# IMT exchanging driving license



## Justin123 (Nov 30, 2020)

I just emailed IMT with my documents to exchange my UK license and got an automated acknowledgement. Has anyone else changed their driving license this way? Does the email route actually work or should I be physically going to an IMT office??


----------



## Dr Gillis (Dec 4, 2020)

Hi Yes it does. My husband and I started the process a few weeks ago and he has an appointment today. Good luck,



Justin123 said:


> I just emailed IMT with my documents to exchange my UK license and got an automated acknowledgement. Has anyone else changed their driving license this way?
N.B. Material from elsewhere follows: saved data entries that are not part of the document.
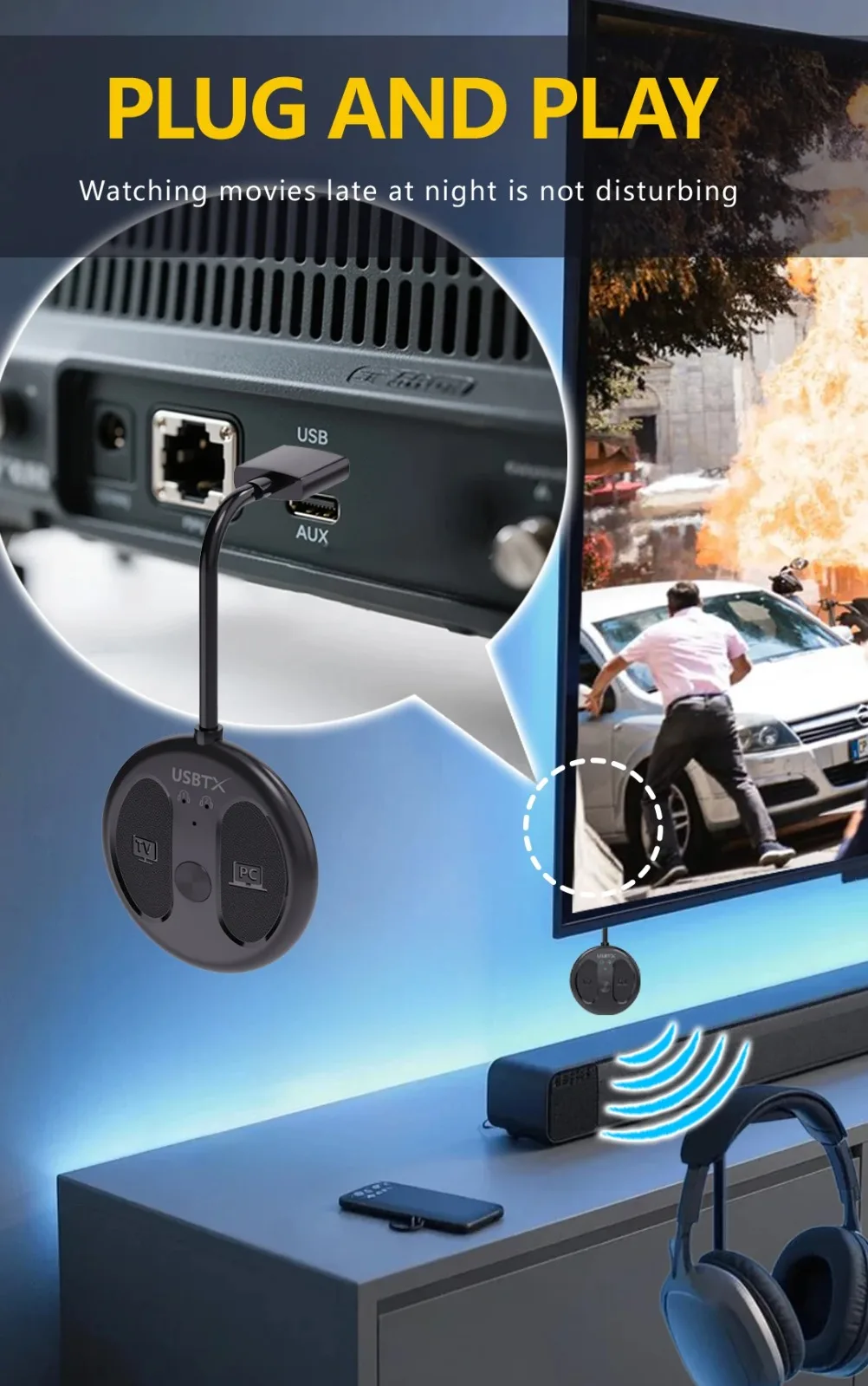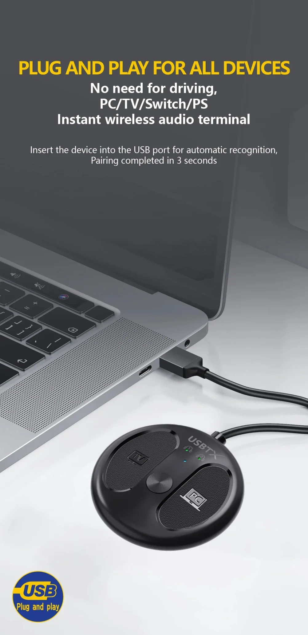 4.Plug and play, no es necesario instalar ningún controlador, simplemente conecte este transmisor de audio al puerto USB de su dispositivo y comience a conectarse inmediatamente. Es compatible con Windows Xp/7/8/10/11, tu macOS. Tenga en cuenta: NO es compatible con iOS, Android, su sistema operativo iPad.
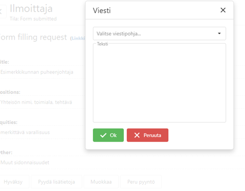 Klikkaa “Pyydä lisätietoja”. Tarkenna tietokenttään, mistä haluat lisätietoja. Vaihtoehtoisesti voit myös valita viestin valmiista viestipohjista. Klikkaa sen jälkeen “Ok”, jolloin ilmoittajalle lähtee sähköpostilla pyyntö täydentää ilmoitustaan.
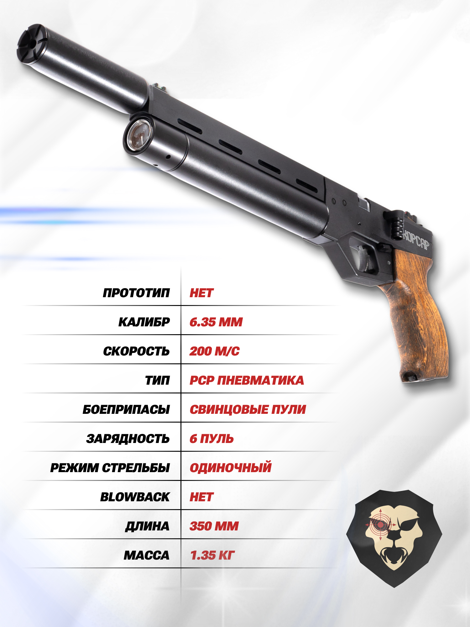 Информация о товаре "Пистолет KrugerGun Корсар 6.35 мм комплект Hunter подарочный (D32, 240 мм, манометр, приклад, цевье)" носит ознакомительный характер, и не является публичной офертой, определяемой положениями Статьи 437 Гражданского кодекса Российской Федерации, характеристики, внешний вид, цвет и комплектация могут быть изменены производителем без уведомления.
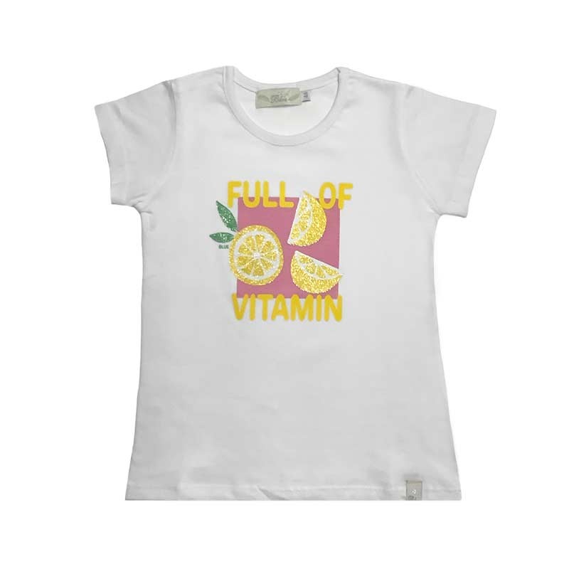 Remera niña m/cortas algodón. ESTAMPA LIMON "FULL OF VITAMIN"

Does the email route actually work or should I be physically going to an IMT office??


----------



## RainbowMan (May 30, 2018)

Justin123 said:


> I just emailed IMT with my documents to exchange my UK license and got an automated acknowledgement. Has anyone else changed their driving license this way? Does the email route actually work or should I be physically going to an IMT office??


Yes I have completed the online process. I started 1st Oct and 2 weeks later a request came for the €30 which I paid via my Pt bank account. About another 2 weeks later I was given an appointment for the biometrics at Faro IMT, 2 more weeks the temp licence came through the post with a request to send my actual UK licence to Porto then 2 weeks later I received my new plastic licence recorded delivery mail. Less than 8 weeks in total. Not everybody is having the same experience mind.


----------